What to do
When you write out the listing, keep every character and omit the pictures.

:: Data extract

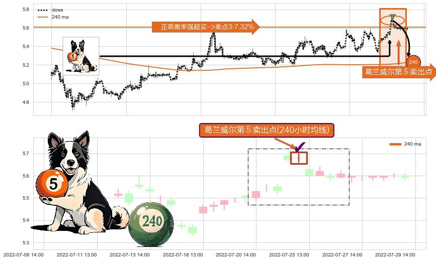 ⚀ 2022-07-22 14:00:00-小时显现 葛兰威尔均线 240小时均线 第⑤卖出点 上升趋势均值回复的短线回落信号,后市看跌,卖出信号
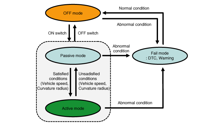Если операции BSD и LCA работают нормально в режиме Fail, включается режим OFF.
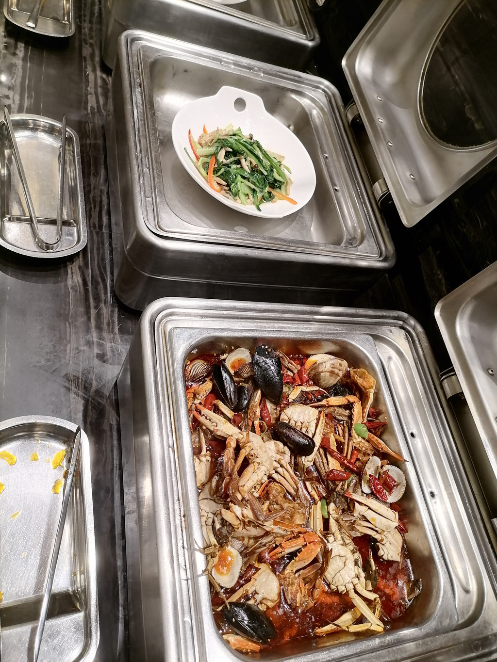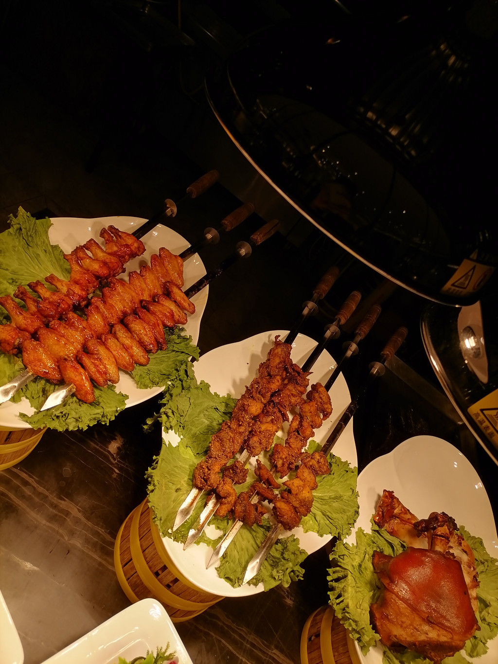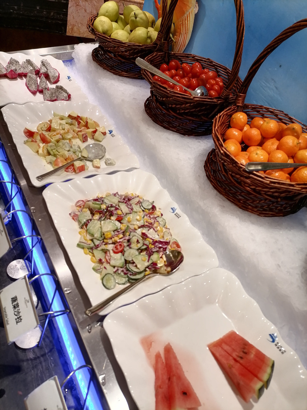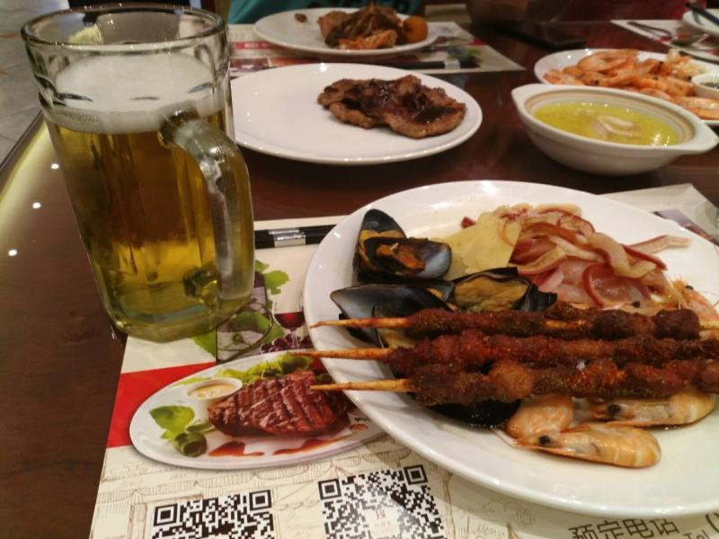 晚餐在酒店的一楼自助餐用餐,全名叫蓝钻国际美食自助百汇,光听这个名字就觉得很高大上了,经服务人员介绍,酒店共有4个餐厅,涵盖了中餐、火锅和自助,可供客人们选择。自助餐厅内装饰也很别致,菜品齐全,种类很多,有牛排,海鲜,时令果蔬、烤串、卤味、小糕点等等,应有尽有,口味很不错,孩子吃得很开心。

::::

Solution for this exercise
 ⚀ 2022-07-22 14:00:00-小时显现 葛兰威尔均线 240小时均线 第⑤卖出点 上升趋势均值回复的短线回落信号,后市看跌,卖出信号
Если операции BSD и LCA работают нормально в режиме Fail, включается режим OFF.
 晚餐在酒店的一楼自助餐用餐,全名叫蓝钻国际美食自助百汇,光听这个名字就觉得很高大上了,经服务人员介绍,酒店共有4个餐厅,涵盖了中餐、火锅和自助,可供客人们选择。自助餐厅内装饰也很别致,菜品齐全,种类很多,有牛排,海鲜,时令果蔬、烤串、卤味、小糕点等等,应有尽有,口味很不错,孩子吃得很开心。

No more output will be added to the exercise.